Berlin-Marzahn Rastplatz was a Zigeunerlager ("Gypsy camp") set up for Romani people in the Berlin suburb of Marzahn by Nazi authorities.

The Nazis used the Nuremberg Laws related to social misfits, vagabonds, and criminals as a means to intimidate and arrest Romani and Sinti Romani in Germany.
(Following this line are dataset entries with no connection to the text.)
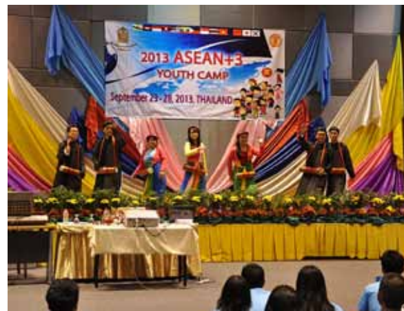
การแสดงดนตรีประกอบการเดินร่ำของเยาวชนเวียดนาม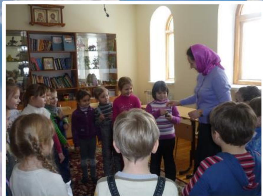
игры (дидактические, ролевые, подвижные и др.)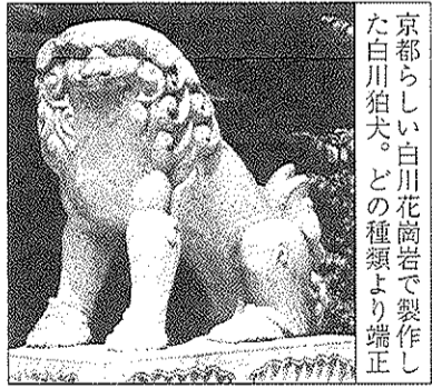
京都らしい白川花崗岩で製作した白川狛犬。どの種類より端正

狛犬の特徴は、江戸狛犬が箱型の尻尾、または、根元から左右に分かれる二分尾に対し、浪花狛犬は尻尾が特徴で、垂れ耳が多い。丹後、出雲狛犬の尻尾は棒状で尻から頭のほうへと斜めに立ち、表面に円状の巻き毛模様がある。浪花狛犬を華やかにしたのが、京都らしく美しい白川狛犬である。狛犬の文化圏は、京都府北部が出雲狛犬圏、南部が浪花狛犬圏、京都市が白川狛犬圏となる。「狛犬」はみんな同じとしか頭に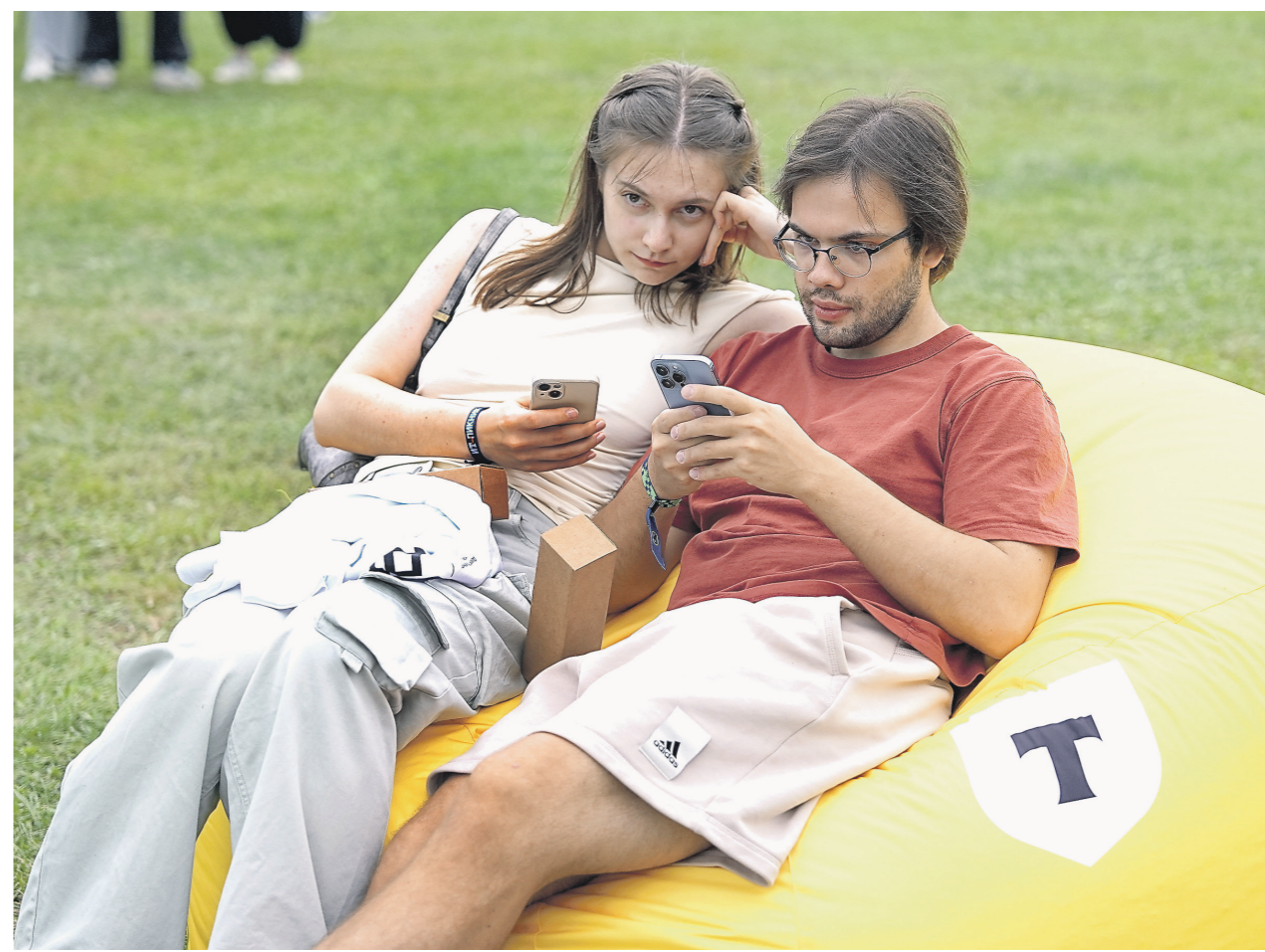
Павел Воронин / Иллюстрация

Сейчас законопроект об использовании искусственного интеллекта находится на стадии межведомственного согласования, отметил источник «Известий», знакомый с ситуацией. По его словам, планируется, что документ внесут в Госдуму до конца текущей весенней сессии, то есть до середины июля.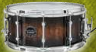
THE EXTERMINATOR ARBW4650RCTK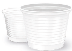
COPO 50ml Branco | Transparente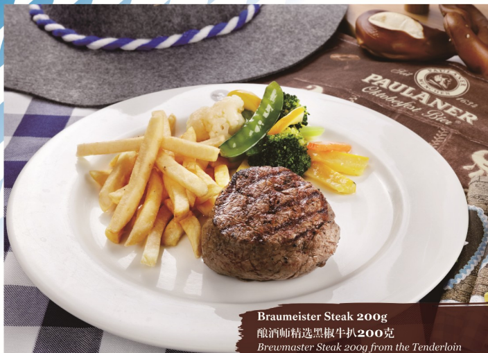
Braumeister Steak 200g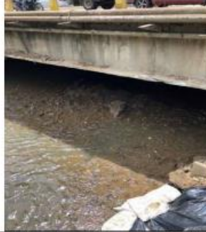
Fotografía 4. Escombros, materiales de construcción y sedimentos sobre el cauce del río.

Fuente: Visita técnica de Seguimiento Ambiental ANLA, 16/7/2019.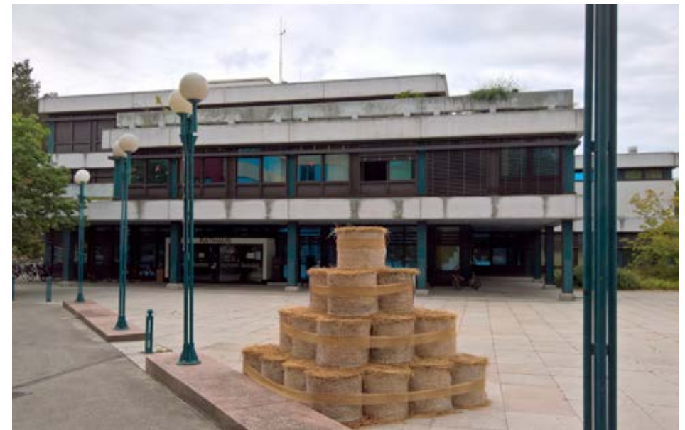
Heuballen von Öko-Wiesen im Stadtgebiet vor dem Rathaus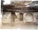
٧٢ دير أبو فام - البرشا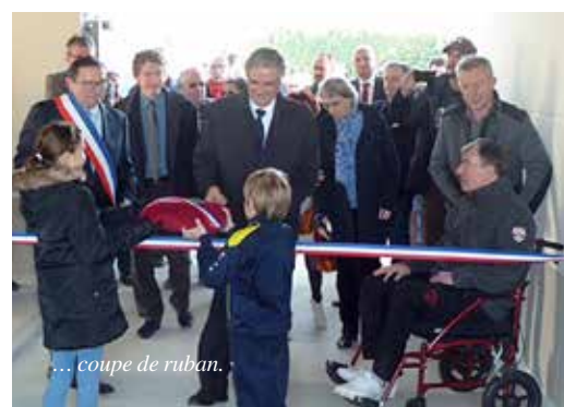
... coupe de ruban.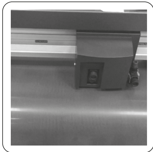
Étape 2 Découpe

At 4 a.m. on 16 July 1936, prior to the opening of the 1936 Berlin Olympics, police arrested 600 Romani in Greater Berlin and forcibly relocated them via 130 caravans to Marzahn, an open field in eastern Berlin sandwiched between a cemetery and a sewage dump.
Upon arrival the men and women were separated and taken for medical inspection. From there, prisoners were either deemed fit to work or unfit. Those that were deemed unfit were sent to execution. Later, the prison would be surrounded by barbed wire and prisoners were subject to forced labour in armament plants. The camp also led to involuntary sterilization and loss of citizenship to the Romani prisoners as they were classified as aliens (non-Aryans).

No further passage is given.